Power Pack by Ken Steacy Marvel Fanfare #23

Power Pack wrecks a diner!  Steacy does a great job communicating each character’s personality through body language and props.  The dragon detail in the background is amazing! I wonder if that man looking over the booth is Steacy or a friend he drew in the picture.  Steacy’s attention to detail can even be found in his signature which is stylized to fit the Asian restaurant theme.

Guardian by Ken Steacy Marvel Fanfare #23

Guardian from Alpha Flight flies high!  Salute!  I’m going to take a wild guess and place this image before the time that good ‘ole James Hudson blows up (the first time).  Oops! Spoilers from the 1980s!  I like this image.  It’s clean, slick and powerful.  I like the juxtaposition of the planes with Guardian, but I wonder if instead of flying with them, he’s really just in their way.

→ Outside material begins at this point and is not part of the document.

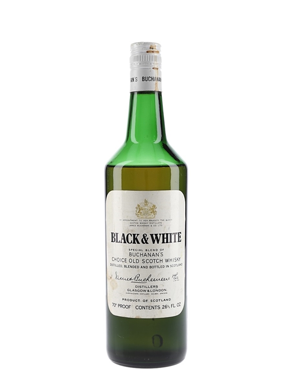 A bottle of Black & White Special Blend of Buchanan's Choice Old Scotch Whisky produced by James Buchanan, Glentauchers Distillery. We estimate this was bottled in the 1970s.

Fantastic Four by Ken Steacy Marvel Fanfare #22

The Fantastic Four are a family that just happens to be the world’s most amazing superheroes too!  Here we get a small slice of home life as Reed and Sue return from a night out and find their son Franklin perched on the Thing’s knee.  Franklin is, of course, reading about his family’s adventures in a comic book!  How meta, yes?  Check out Sue’s hair!  That is a serious 80s flashback!

Doctor Strange by Ken Steacy Marvel Fanfare #23

Doctor Strange enters a strange dimension where everything has turned into a slick advertising campaign!  Okay, that might not actually be true, but that’s what it looks like to me.  From the hyper-stylized face of the woman in the background to the pattern on the green suit of the man in the foreground, this world looks like a Nagel painting got smashed up with Lisa Frank stickers and an Atari video game.  The good Doctor’s expression is one of bewilderment as if even he cannot fathom this strange ad world.   I enjoy Steacy’s take on Doctor Strange.  He really nails the cloak details and the image on his shirt.  The hair is a bit too slick for my tastes, but that’s my only quibble. 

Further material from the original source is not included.